I will be good to myself, allowing massages and bubble baths as needed, and continuing to avoid alcohol.
It won’t be that bad. It can’t be that bad.
And if all else fails, the calendar will read April soon enough.
National Invisible Chronic Illness Awareness Week will be held September 14-20, 2009. It includes a FREE virtual conference, with four speakers per day presenting on subjects such as marriage and chronic illness, finding health insurance with a pre-existing condition, and finding a career in spite of illness. To prepare, Lisa has asked those interested to participate in a meme about our invisible illnesses. While I usually talk diabetes elsewhere, I decided to do this meme here, to show my general audience my thoughts about having type 2 diabetes.
30 Things About My Invisible Illness You May Not Know
1. The illness I live with is: Type 2 diabetes
2. I was diagnosed with it in the year: 2005
3. But I had symptoms since: 2001, when I first started getting screened
4. The biggest adjustment I’ve had to make is: exercising regularly
5. Most people assume: I must be lazy if I didn’t take care of myself enough to avoid type 2 diabetes
6. The hardest part about mornings are: dawn phenomenon – I must limit my carbohydrate intake ( 7. My favorite medical TV show is: Grey’s Anatomy
8. A gadget I couldn’t live without is: blood glucose meter
9. The hardest part about nights are: getting enough sleep
10. Each day I take __ pills & vitamins. (No comments, please) four, but none for diabetes
11. Regarding alternative treatments I: love massages for stress relief and have thought about acupuncture.
12. If I had to choose between an invisible illness or visible I would choose: invisible – it can stay invisible if I choose, depending on the situation
13. Regarding working and career: It’s hard to balance work and life and stress, especially when stress causes blood sugars and blood pressure to rise – both things not recommended for those with diabetes
14. People would be surprised to know: what foods I should avoid or limit
15. The hardest thing to accept about my new reality has been: eating differently
16. Something I never thought I could do with my illness that I did was: participate in a 2-day, 39.3 mile charity walk. (I only walked about ~28 miles, but was proud of myself for doing it for breast cancer research and treatment.)

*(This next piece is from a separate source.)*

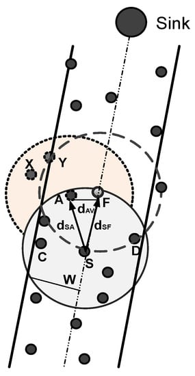 In location-aware vector-based forwarding (VBF), the forwarding area for transmission is confined within a virtual pipeline that is directional towards the destination. The virtual pipeline direction and radius remain constant from a source to a destination. In sparse networks, the unavailability of forwarder nodes due to the constant virtual pipeline radius causes retransmissions. Therefore, the VBF scheme does not perform well in sparse networks []. The performance of the VBF scheme is improved in the hop by hop VBF (HH-VBF) protocol by changing the direction of the virtual pipeline hop by hop. However, the unchanged pipeline radius restricts the network performance in the sparse node deployment because the probability of the void hole is not eliminated effectively. In the case of a small pipeline radius, the current forwarding node does not find potential forwarders in its effective transmission range. In other case, when the pipeline radius is large, packet duplication occurs due to the large number of forwarders in the pipeline []. This problem is further optimized in adaptive hop by hop vector-based forwarding (AHH-VBF). In [], the pipeline radius (PR) and transmission radius (TR) are adaptively changed hop by hop taking the neighbor node distribution into account. Moreover, the adaptive transmission radius is intended to avoid unwanted energy consumption. It is noteworthy that we have taken the motivation from the AHH-VBF scheme. In this paper, 2hop-AHH-VBF and QF-AHH-VBF adopt the adaptive PR and TR features of AHH-VBF; however, the proposed schemes are different in the following aspects.
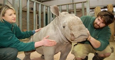 據(jù)報(bào)道,2009年12月21日,英國(guó)愛(ài)丁堡北部的布萊爾德拉蒙德野生動(dòng)物園(Blair Drummond Safari Park)接到一個(gè)匿名電話,電話那端的女子表示,自己是塞浦路斯人,在通過(guò)網(wǎng)絡(luò)攝像頭看動(dòng)物園的實(shí)時(shí)拍攝情況時(shí)發(fā)現(xiàn),一只懷孕已經(jīng)16個(gè)月的犀牛媽媽即將臨盆。

17. The commercials about my illness: only show the pricy new treatments like Januvia and Byetta for type 2 diabetes, not the traditional ones of metformin and insulin that have fewer side effects
18. Something I really miss doing since I was diagnosed is: having French toast sprinkled with powdered sugar and drenched in syrup for breakfast
19. It was really hard to have to give up: cranberry juice – any juice spikes my blood sugar too high
20. A new hobby I have taken up since my diagnosis is: diabetes advocacy – in fact, I’d like to make it more than a hobby…
21. If I could have one day of feeling normal again I would: not change a thing. the things I changed to tame my diabetes also tame my tendency towards anxiety and depression.
22. My illness has taught me: that I can be an athlete after all.
23. Want to know a secret? One thing people say that gets under my skin is: ”You can’t/shouldn’t eat that!” Sorry, but actually, I get to choose how I use my carbs each day and it may just be that cheesecake/cookie/pizza, thank you very much.
24. But I love it when people: tell me about new ways to exercise.
25. My favorite motto, scripture, quote that gets me through tough times is: ”You cannot find peace by avoiding life.” - Virginia Woolf
26. When someone is diagnosed I’d like to tell them: You may need to change everything you’ve ever known – food choices, beginning to exercise, and changing jobs to reduce stress – but once blood sugar is under control, you may feel the best you’ve ever felt in your life.
27. Something that has surprised me about living with an illness is: how much I’ve grown as a person.
28. The nicest thing someone did for me when I wasn’t feeling well was: made me laugh. hard. very hard.
29. I’m involved with Invisible Illness Week because: there are so many of us out there who are willing to inform about the realities of having invisible chronic illness.
30. The fact that you read this list makes me feel: informative and honest.